KUALA LUMPUR: Malaysia’s top court weighed in Monday on the country’s longstanding fight over the word “Allah,” saying that non-Muslims could not use the term to refer to God.
However, the government said hours later the ruling applied only to one newspaper at the center of the case, adding still more confusion to a deeply divisive debate over religious freedom in the Muslim-majority country.
In a 4-3 ruling, the Federal Court upheld a government ban on the use of the word Allah by non-Muslims in a case against The Herald, a Catholic Malay-language weekly.
The court did not elaborate on the implication of its ruling, but the government issued a tersely worded statement saying it only applied to The Herald and that Malaysian Christians can still use the word Allah in churches.
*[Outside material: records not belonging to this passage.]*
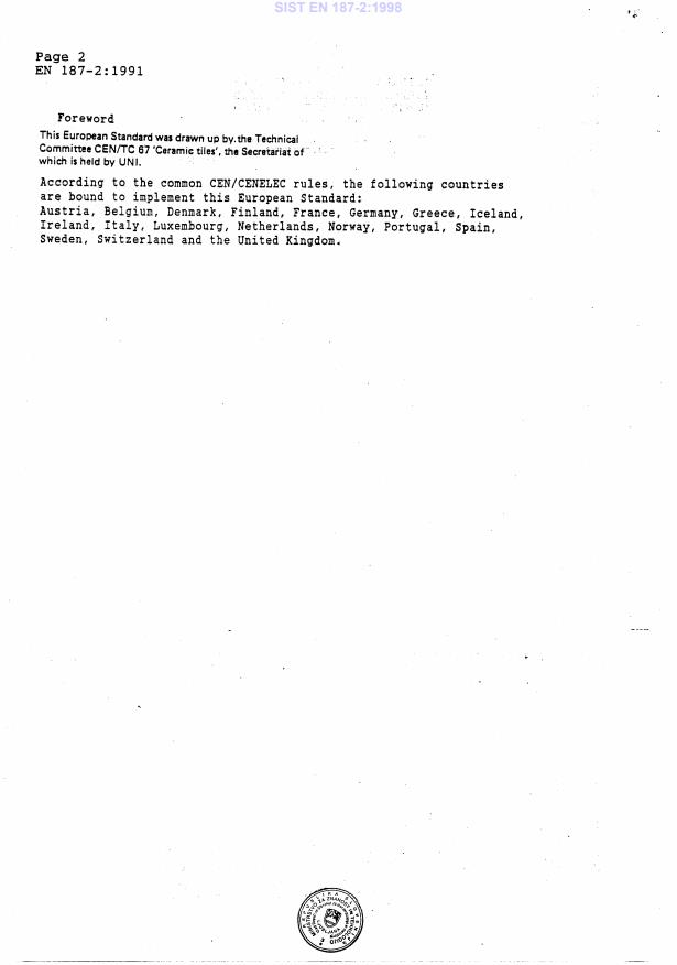 EN 187-2:1991 is a standard published by the European Committee for Standardization (CEN). Its full title is "Ceramic tiles - Extruded ceramic tiles with a water absorption of 6%<E<=10% (Group AIIb) Part 2". This standard covers: This European standard specifies the sizes, dimensional tolerances, mechanical, physical and chemical requirements, surface quality requirements and marking of ceramic tiles. It will make reference to the slip resistance of the tiles as well.
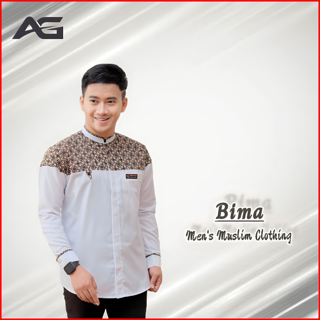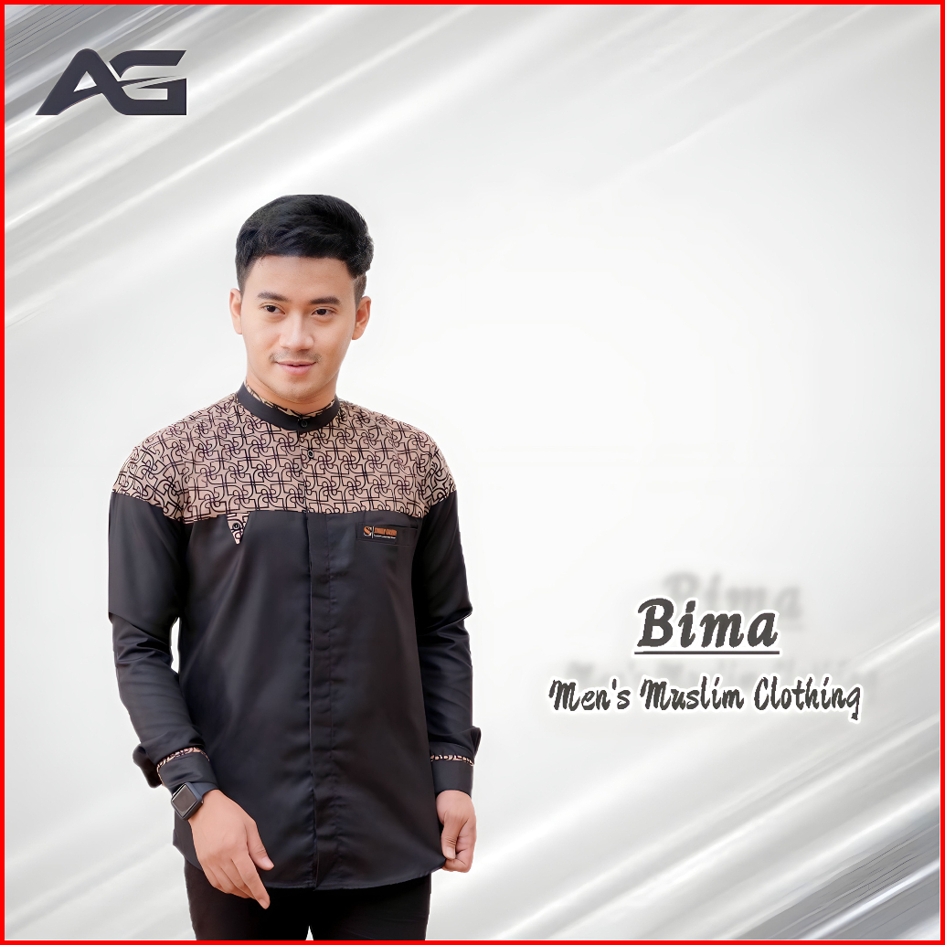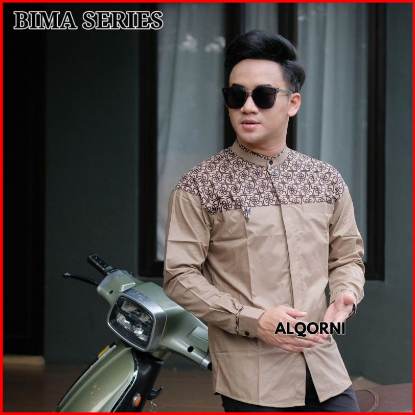 Baju Muslim Pria Dewasa Koko Laki-laki Lengan Panjang Kombinasi Batik Modern Bahan Katun Premium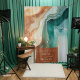 Wedding Photo Backdrop -Transform your wedding photos with this enchanting abstract alcohol ink backdrop. The fusion of dark teal, sea green, and terracotta creates a mesmerizing canvas, adding a touch of modern artistry to your special moments. Use our easy to customize template to personalize with your details. . Illustration using Ai, #generativecontent art Created by ©WhimsicalArtwork™ This is part of a complete Wedding Stationery Suite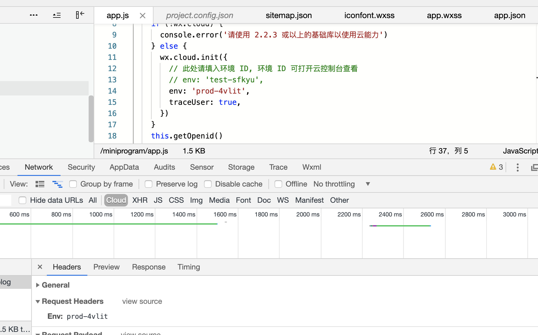 已经在app.js中切换了云环境,请求头里也看到切换成新的云环境了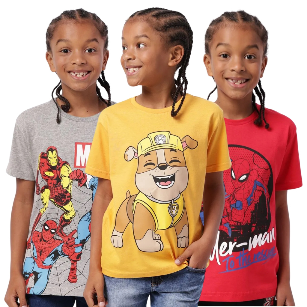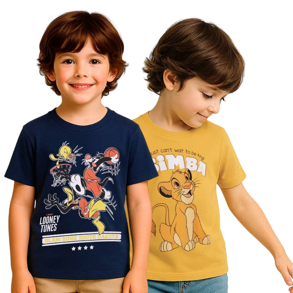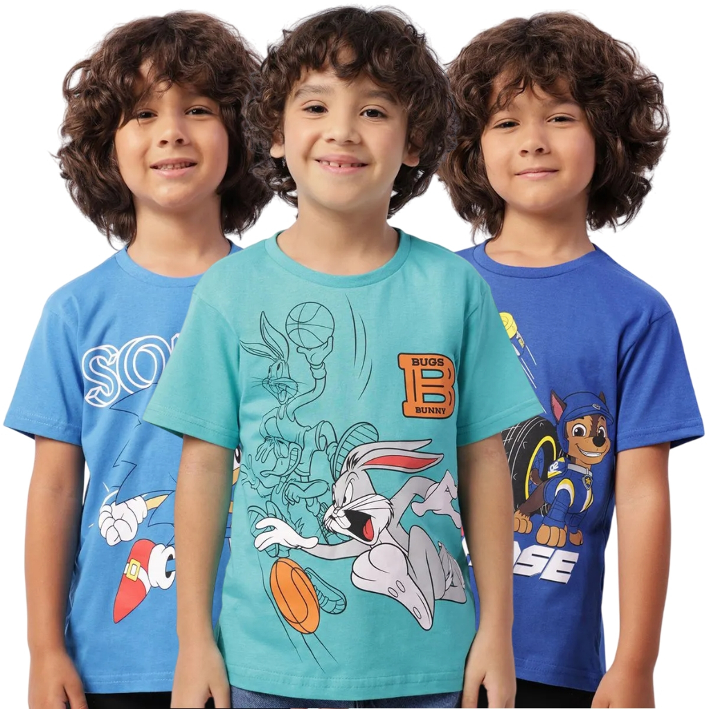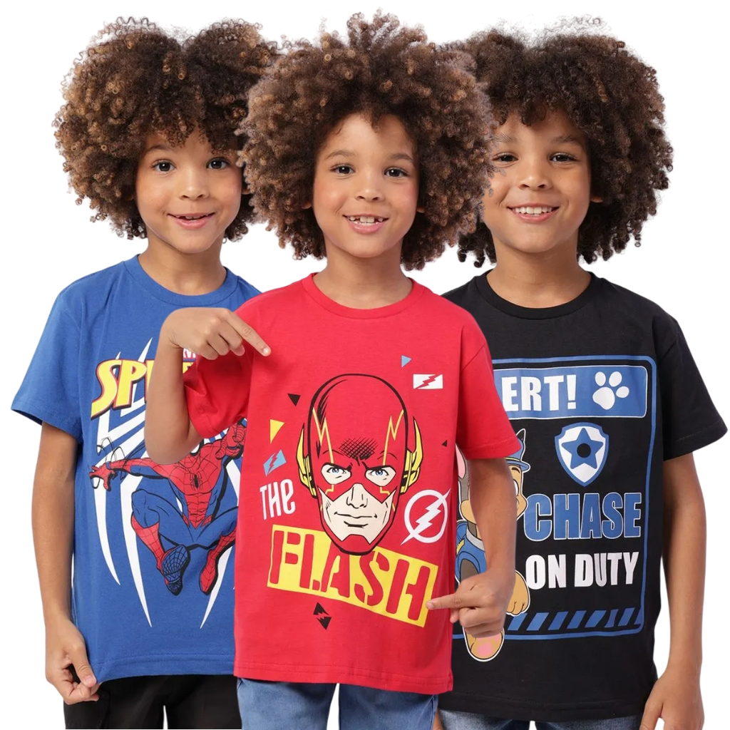 Kit 5 Camisetas Infantil Masculina Manga Curta 100% Algodão Personagens 2 à 8 Anos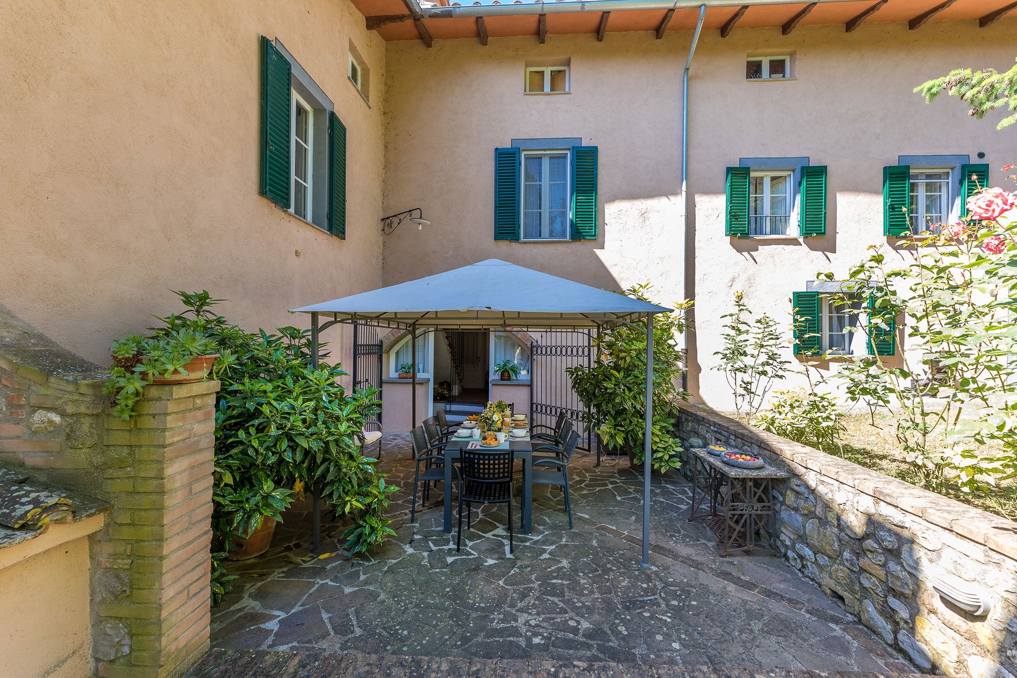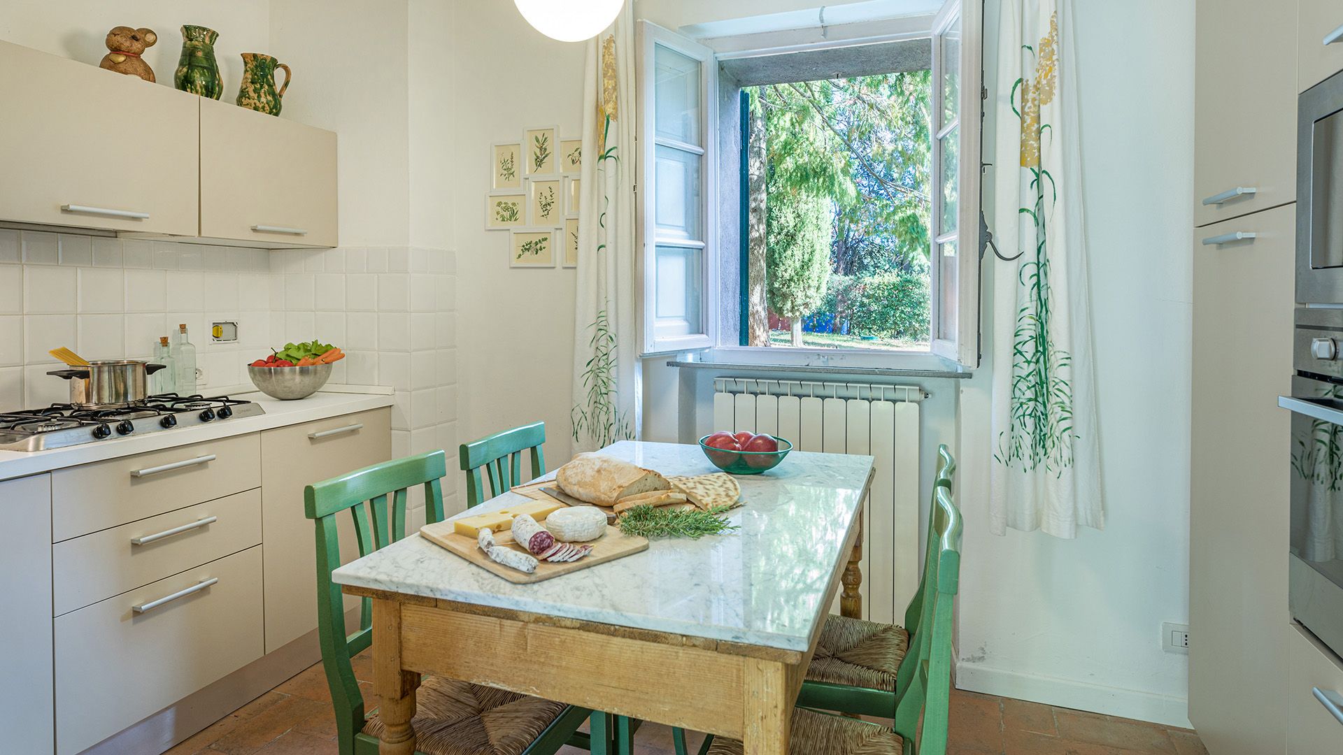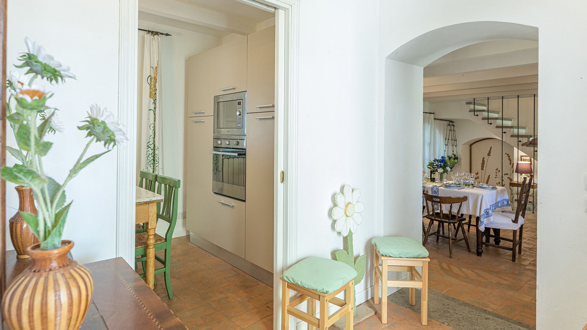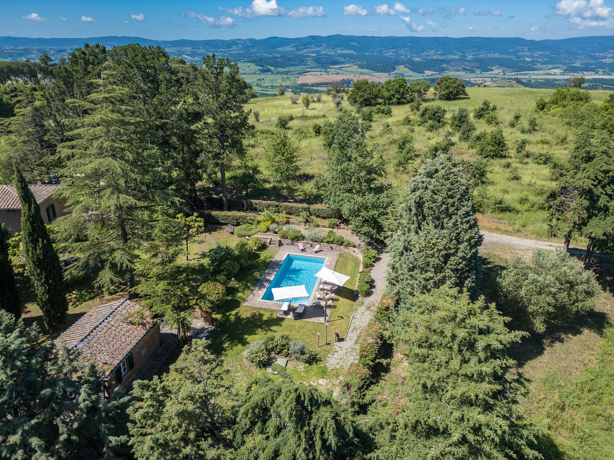 Set amidst Umbria’s rolling hills and verdant woods, this home is a true escape from the hustle and bustle of city life. Less than a five-minute drive from the medieval village of Monteleone d'Orvieto, it’s a relaxing retreat full of sensory romance. Breathe in the sweet-smelling flowers that frame the home’s grounds, look out onto the forested paths beyond the front gates and feel right at home within its pretty pink walls. Inside, contemporary and vintage furnishings combine with an elaborate hearth and cowhide rug in the first-floor living room, while downstairs, rustic charm abounds in the bright, white dining room. Exit through the French doors to reach the lush garden, where a jade green swimming pool invites swimming and sun-soaking aplenty. In the evening, the pool takes on a magical lantern-lit glow, perfect for sundown dips. Steal yourself away for an intimate drink under the stone portico, then sit down for an al fresco meal, courtesy of the barbecue. When it’s time for bed, canopied beds and a private suite under the home’s eaves will treat you to a dreamy night's sleep.

The government statement appeared to be an attempt to diffuse tensions in the nation of 29 million people, including a large non-Muslim minority that has often complained that it is treated unfairly in jobs and education and is denied full freedom of religion.
This year, 300 Malay-language Bibles containing the word Allah were seized by Islamic authorities from the office of a Christian group.
“We are disappointed. The four judges who denied us the right to appeal did not touch on fundamental basic rights of minorities,” said the Rev. Lawrence Andrew, editor of The Herald.
He said the ruling would have a chilling effect on the freedom of religion guaranteed in the constitution.
“It will confine the freedom of worship,” he said.
“We are a minority in this country, and when our rights are curtailed, people feel it.”
In Egypt, where at least 10 percent of the population is Christian, both Muslims and Christians refer to God as Allah, and this hasn’t generated any controversy.